• Problem to solve
Leave the pictures out and return every line below exactly.

Segment Start: Data block

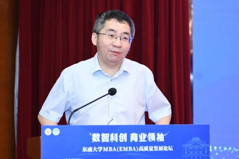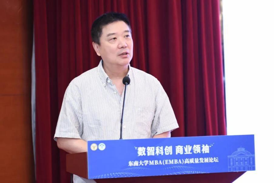 On behalf of the university, Vice President Jinshi firstly delivered a speech, in which he warmly welcomed the guests and teachers attending the forum, briefly introduced the history and current situation of Southeast University and Southeast University MBA (EMBA), and put forward his earnest expectations for the high-quality development of MBA (EMBA) education.
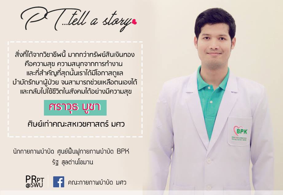 สุดท้ายนี้ พี่ขอเป็นกำลังใจให้น้องๆประสบความสำเร็จ ทั้งด้านการเรียน การทำงาน และมีความสุข ความภูมิใจที่ได้เป็นนักกายภาพบำบัด จาก รั้ว มศว นะครับ
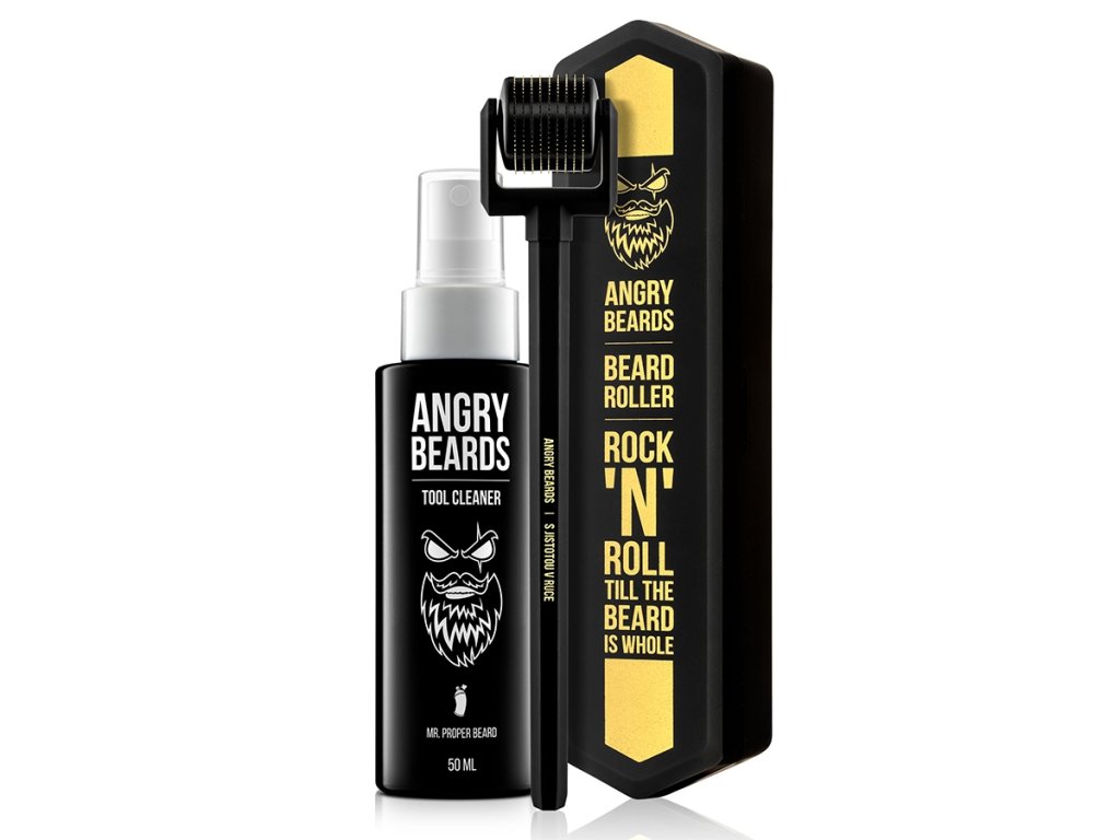 Náradie na rast fúzov ANGRY BEARDS Beard roller je valček s 540 titánovými mikroihličkami s dĺžkou 0,5 mm, ktoré dokonale prekrvujú pokožku a pomáhajú pri vstrebávaní výrobkov na fúzy. Súčasťou balenia je aj čistič nástrojov, ktorý vám pomôže valček vyčistiť.

Segment End: Data block

• Answer box
 On behalf of the university, Vice President Jinshi firstly delivered a speech, in which he warmly welcomed the guests and teachers attending the forum, briefly introduced the history and current situation of Southeast University and Southeast University MBA (EMBA), and put forward his earnest expectations for the high-quality development of MBA (EMBA) education.
 สุดท้ายนี้ พี่ขอเป็นกำลังใจให้น้องๆประสบความสำเร็จ ทั้งด้านการเรียน การทำงาน และมีความสุข ความภูมิใจที่ได้เป็นนักกายภาพบำบัด จาก รั้ว มศว นะครับ
 Náradie na rast fúzov ANGRY BEARDS Beard roller je valček s 540 titánovými mikroihličkami s dĺžkou 0,5 mm, ktoré dokonale prekrvujú pokožku a pomáhajú pri vstrebávaní výrobkov na fúzy. Súčasťou balenia je aj čistič nástrojov, ktorý vám pomôže valček vyčistiť.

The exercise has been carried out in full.